__Work instructions__: Nothing but the lines from the one with "Color: Rich Dark" through the end of the data should be set down, each exactly as written, and no picture should be included.

__Supplied material__:
════
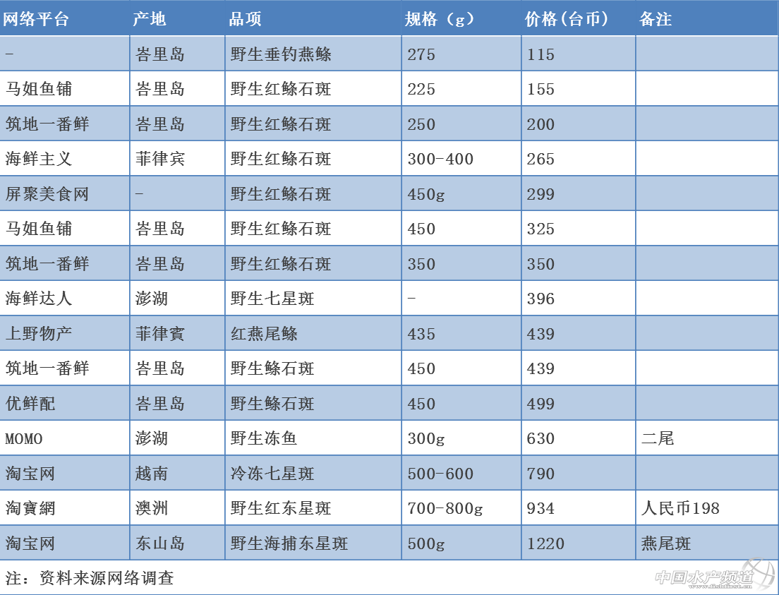 東星斑捕撈時體色變化極大 奧德海產(chǎn)公司前任銷售總監(jiān)Lloyd Moskalik在接受美國CNN採訪時表示,東星斑在香港的需求遠遠超過供給。我們有5個批發(fā)商需要紅東星斑,每周能出貨10-15噸。換句話來說,我們一周可以賣掉將近2000條魚。據(jù)我所知,在香港一共應(yīng)該有30-50個類似的供應(yīng)商,市場規(guī)模可想而知。 根據(jù)香港活海鮮批發(fā)商提供的報價,捕撈東星斑活魚市場批發(fā)價為港幣643元/kg(臺幣1580元/臺斤),養(yǎng)殖魚為305元/kg(臺幣750元/臺斤);捕撈的西星斑為港幣317元/kg(臺幣780元/臺斤),養(yǎng)殖的為港幣156元/kg(臺幣384元/臺斤)。 東星斑產(chǎn)銷概況 中華海洋生技公司謝清輝指出,從澎湖、大陸、菲律賓、印尼峇里島一路到澳洲大堡礁的東星斑都是同一個品種。據(jù)非正式估計,香港活魚市場一年需要2.5萬噸,東星斑占3000-4000噸,中國大陸則有超過1萬噸的東星斑需求,由整個東南亞地區(qū)及澳洲供應(yīng)。 業(yè)者陳建志指出,東南亞地區(qū)包括菲律賓、馬來西亞到印尼這一線,有許多以垂釣或魚船捕獲的東星斑、燕尾斑等星斑(紅條)類的野生魚,如果是魚苗或未到上市規(guī)格,則會在箱網(wǎng)里蓄養(yǎng),達到規(guī)格以后再出售。東南亞箱網(wǎng)東星斑產(chǎn)地價平均大約臺幣400-600元/kg,因產(chǎn)地、產(chǎn)季或品質(zhì)等因素,最便宜的甚至只有臺幣200元/kg。 東南亞出產(chǎn)的東星斑以冰鮮或冷凍魚方式運銷到消費地的價格較便宜。菲律賓輸入臺灣的紅條大多是冰鮮魚,印尼等較遠的地區(qū)則以冷凍魚出貨。以活魚運銷,運輸成本加上魚只損耗,到消費地價格翻2-3倍是很正常的。 “東星斑活魚桌上價每公斤:臺灣4000元、香港5000元、上海7000元,北京8000元,大連10000元,越往北方走價格越高貴。”謝清輝說。 1、臺灣地區(qū) 30年前臺灣就有繁殖,余玉柱有做一些,5寸售價50元,當(dāng)時養(yǎng)殖技術(shù)還不成熟。10年前戴昆財開始出苗,有不少人試養(yǎng),臺灣的及海南的5-6cm東星苗50-60元,1cm約9-10元。 目前臺灣有箱網(wǎng)及室內(nèi)場養(yǎng)殖東星斑,數(shù)量不多。陸上室內(nèi)養(yǎng)殖場有中華海洋生技、龍佃、瀚頂及晟名等企業(yè),場址在屏東縣林邊、枋寮、長治及鹽埔,其中有部分企業(yè)已經(jīng)終止東星斑項目。陳建志指出,目前東星斑的陸上養(yǎng)殖,因為市場需求以及經(jīng)濟價值高,逐漸朝向緯度較高的環(huán)境來飼養(yǎng),大多數(shù)的“新興投入者”也都朝向室內(nèi)養(yǎng)殖為主。 屏東5個魚販有抓東星斑活魚,收購規(guī)格600-800g,行情價1.2元/g,每次收購量50-200尾,餐廳賣4-4.8元/g,相當(dāng)于2400-2880元/臺斤。 國內(nèi)活魚供貨來源還有澎湖的一支釣野生魚,收購價800-1000元/kg。其他以魚槍(潛水)、延繩釣及刺網(wǎng)捕獲的東星斑收購價只有300-500元/kg。澎湖一年能供貨8個月,活魚只有冬季4個月是欠貨的,人工養(yǎng)殖魚只能做這4個月的活魚市場。 根據(jù)國內(nèi)網(wǎng)絡(luò)平臺的販售調(diào)查,冷凍東星斑大多標(biāo)榜為野生垂釣魚獲,來源主要有印尼峇里島、越南、菲律賓以及澎湖,規(guī)格多在尾重250-450g,價格在150-500元之間,相當(dāng)于 600-800元/kg。據(jù)了解,國內(nèi)網(wǎng)絡(luò)平臺販售的東星斑,有很多是燕尾星斑混充,連西星斑都還不是,規(guī)格也多半偏小,尾重在200-300多g,因此售價相當(dāng)?shù)土?BR> 2、大陸地區(qū) 大陸地區(qū)10多年前開始生產(chǎn)東星斑苗,近年海南島東星斑受精卵產(chǎn)量不少。根據(jù)海南省南海魚類種苗會2015年資料,東星斑魚卵價格每公斤人民幣800元,1-3cm魚苗人民幣0.5-0.6元/尾,5-8cm規(guī)格的人民幣0.7-0.9元/cm。去年中國大陸東星斑小魚養(yǎng)殖需求不大,價格較低,但其魚苗成長較慢,中苗價格合理適中。 在海南島養(yǎng)殖東星斑成魚方面,紅東(鮮活)規(guī)格1.0-1.6市斤魚價人民幣110-130元/市斤(臺幣660-780元/臺斤),黑東則只有人民幣68元(臺幣408元/臺斤)。黑東星斑價格較為穩(wěn)定,紅東星斑價格范圍較廣。此成品魚價格為海南養(yǎng)殖場收魚價格,活鮮的市場價會高出人民幣5-30元,高檔魚的市場價會高出收購價較多。 中國大陸?zhàn)B殖東星斑以流水式養(yǎng)殖,一天7-10倍輪流,平均一天換8次水。北方天津也有場,采取半循環(huán)養(yǎng)殖,成績不穩(wěn)定。一天換20%-30%水,效果不好,密度也不能高。用藥控制存活率也不高。大陸?zhàn)B的較多黑東,價格只有紅東的1/2-1/3,有的使用人工著色料。 3、日本 日本也有生產(chǎn)苗,有10家以上飼養(yǎng),大魚一直不成功,產(chǎn)季3-6月。 4、菲律賓 菲律賓的紅條集散地主要在巴拉望,捕獲的野生成魚及魚苗或未達規(guī)格的魚都蓄養(yǎng)在箱網(wǎng),產(chǎn)地價臺幣400-600元/kg。因距離臺灣、近,巴拉望紅條類銷到臺灣多以冰鮮運銷。 5、越南 在越南頭頓巴第沿海的魚排(海上箱網(wǎng))也養(yǎng)了不少東星斑,主要的養(yǎng)殖水深介于4-5米之間。這類的魚排養(yǎng)殖,普遍出現(xiàn)在南海周邊的海域,包括中國、越南、泰國、印尼、馬來西亞到最近興起的菲律賓,也都是以這類的魚排為主要的養(yǎng)殖設(shè)施。越南箱網(wǎng)業(yè)者多向海南買苗,養(yǎng)成后有大陸及香港的活魚船過去收購。在捕撈方面,中南半島因海域污染造成野生紅條資源較少。 6、馬來
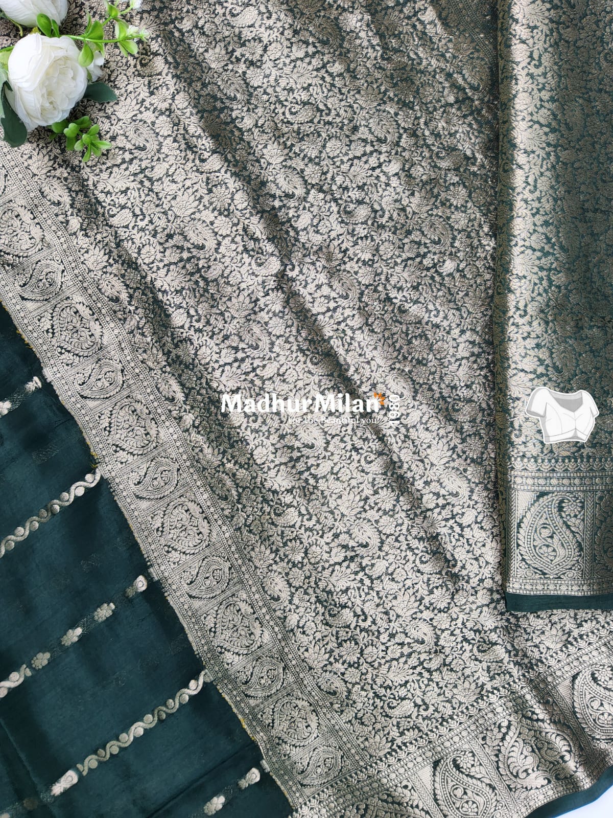 Color: Rich Dark Green with Golden zari work - Design: Intricate Banarasi patterns with paisley and floral motifs
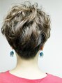 襟足は刈り上げ、トップはゆるめのニュアンスパーマショートスタイル。
════
__Your response__:
 Color: Rich Dark Green with Golden zari work - Design: Intricate Banarasi patterns with paisley and floral motifs
 襟足は刈り上げ、トップはゆるめのニュアンスパーマショートスタイル。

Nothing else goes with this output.